Ovviamente nessun problema con rxvt-unicode

Ciao

----------

## djinnZ

 *randomaze wrote:*   

> Anche a me sembrava un problema di linking... ma dopo il revdep-rebuild (per il linking a vecchie librerie) e il qcheck (per verificare lo stato dell'installato) se il problema é lì non é nel linking ma in qualche pezzo di codice buggato sulla libreria.

 Intendevo che c'è un link ad un file di libreria danneggiato, rxvt di suo va benissimo ma nel momento in cui chiama la funzione la libreria va in errore o tenta di accedere ad un'area di memoria protetta e fa crashare X, quindi la devi ricompilare anche se non hai alcun errore di linking riportato da revdep-rebuild (che poi non fa altro che richiamare ldd).

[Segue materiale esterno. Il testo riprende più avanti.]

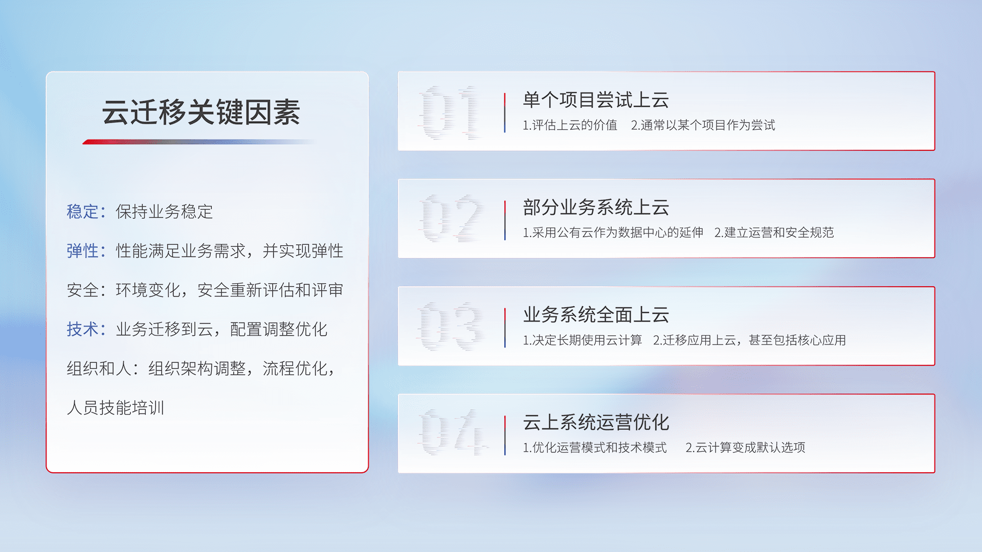 结合实际业务,,从规划设计、、云平台选型、、、、云原生改造、、、数据迁移、、、集成交付,,迁移全过程为客户识别最佳上云路径,,,,做好风险识别管理,,设计网络架构、、、身份权限、、、、安全审计合规、、操作审计、、日志审计、、监控告警策略、、多站点容灾设计等,,,,对云上基础设施进行整体规划,,,提升IT治理水平,,,以满足弹性、、、、高可用、、高性能的需求。。

Sempre a naso andrei a ricompilare libX11 o libGL ma è tanto per dirne una.

----------

## randomaze

 *djinnZ wrote:*   

> Sempre a naso andrei a ricompilare libX11 o libGL ma è tanto per dirne una.

 

Beh si... alla peggio (se stasera non trovo incongruenze con la lista che nikko96 mi ha gentilmente fornito) proverò a ricompilare le varie librerie

Peraltro rxvt va bene... é rxvt-unicode che da il problema   :Confused: 

----------

## randomaze

Nulla di nuovo.... semplice post di aggiornamento:

Il mio ldd coincide in gran parte con quello di nikko96  :Sad: 

Varie combinazioni di USE o altro non portano a cambiamenti  :Sad: 

La ricompilazione delle varie librerie grafiche non porta a cambiamenti  :Sad: 

Se compilo a mano rxvt-unicode... si freeza lo stesso! (il che é, peraltro, una buona notizia... per quando avrò il tempo di debuggare  :Rolling Eyes: ).

Per adesso il workaround tampone é stato quello di riemergere tilda...  :Crying or Very sad: 

----------